There have been no leaks of other revelations that might be in Mr Tenet's book, but it is believed he is scathing of Mr Cheney and his staff and their intelligence-gathering operations in the lead-up to the war, and of Dr Rice, whom he says he warned of the possibility of an al-Qaeda attack in the US months before September 11.

In the 60 Minutes interview, Mr Tenet defends the CIA's use of "enhanced" interrogation techniques in the "high value detainee program" against what he describes as senior al-Qaeda operatives. But he insists that these techniques did not amount to torture.

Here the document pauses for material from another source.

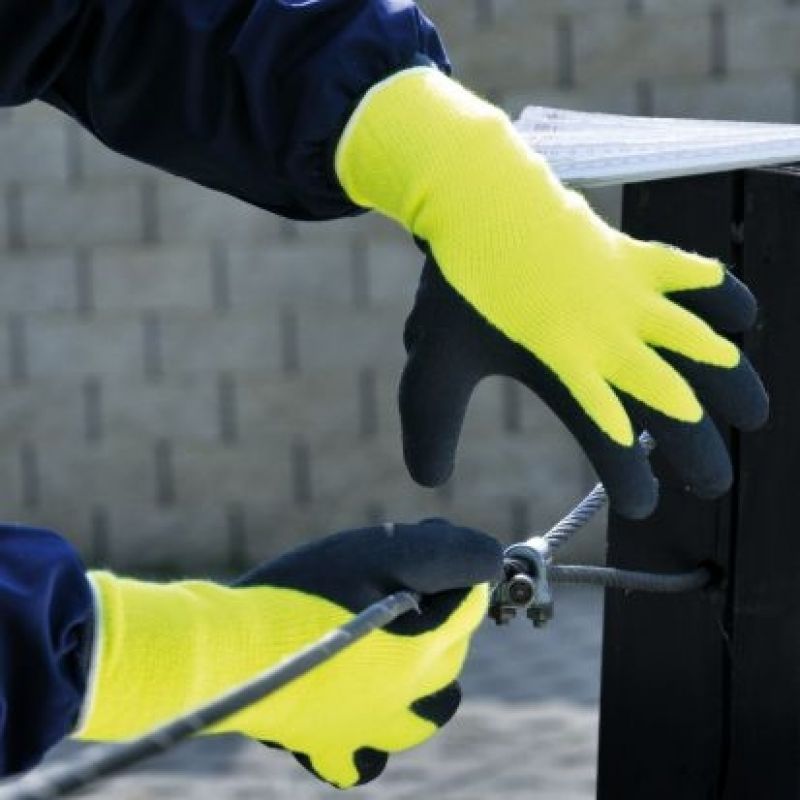 Zateplené bezešvé pletené rukavice ze syntetické příze s vrstvou mikroporézního paropropustného pěnového latexu v dlani a na prstech a pružným nápletem na zápěstí
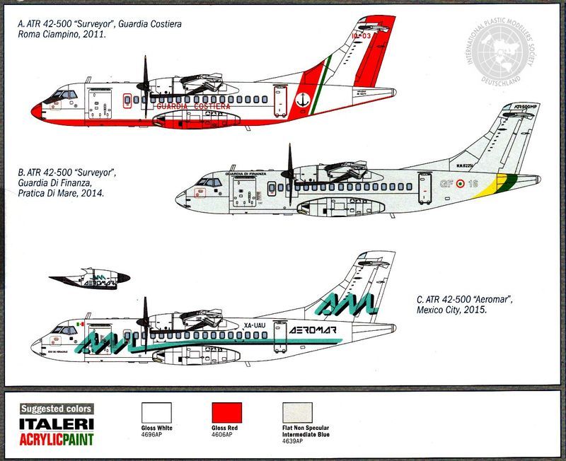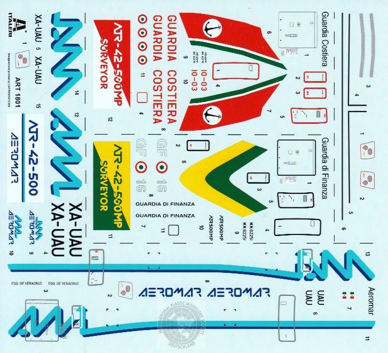 Decals: Die Decals sind sauber gedruckt und bieten alle nötigen Bilder für zwei militärische (Italienische Küstenwache und Zoll) und eine zivile Variante (Aeromar) an. Einige Detaildecals ergänzen den Bogen. Gedruckt wurde bei Cartograph in Italien, dort wo Revell auch drucken lässt. Das verspricht Gutes.

"I know that this program has saved lives," he says. "I know we've disrupted plots. I know that this program alone is worth more than the FBI, the CIA and the National Security Agency put together have been able to tell us."

According to Mr Tenet, the alleged 9/11 mastermind, Khalid Sheikh Mohammed, initially told CIA interrogators, "I will talk to you guys when you take me to New York and I can see my lawyer."

Instead, he was was transferred to an undisclosed location where he faced "enhanced" interrogation techniques, including water boarding.

According to Mr Tenant, he gave up vital information about terrorist threats. Mohammed, now held at Guantanamo, has claimed he was tortured by CIA interrogators.

Mr Tenet said the interrogation techniques were necessary because "these are people who will never, ever tell you a thing" but they are people who "know who's responsible for the next terrorist attack and who wouldn't blink an eyelash about killing you, your family, me and my family and everybody in town".

The book is sure to cause the Administration heartburn, though it is almost certain that there will be no official response to any allegations he makes against officials.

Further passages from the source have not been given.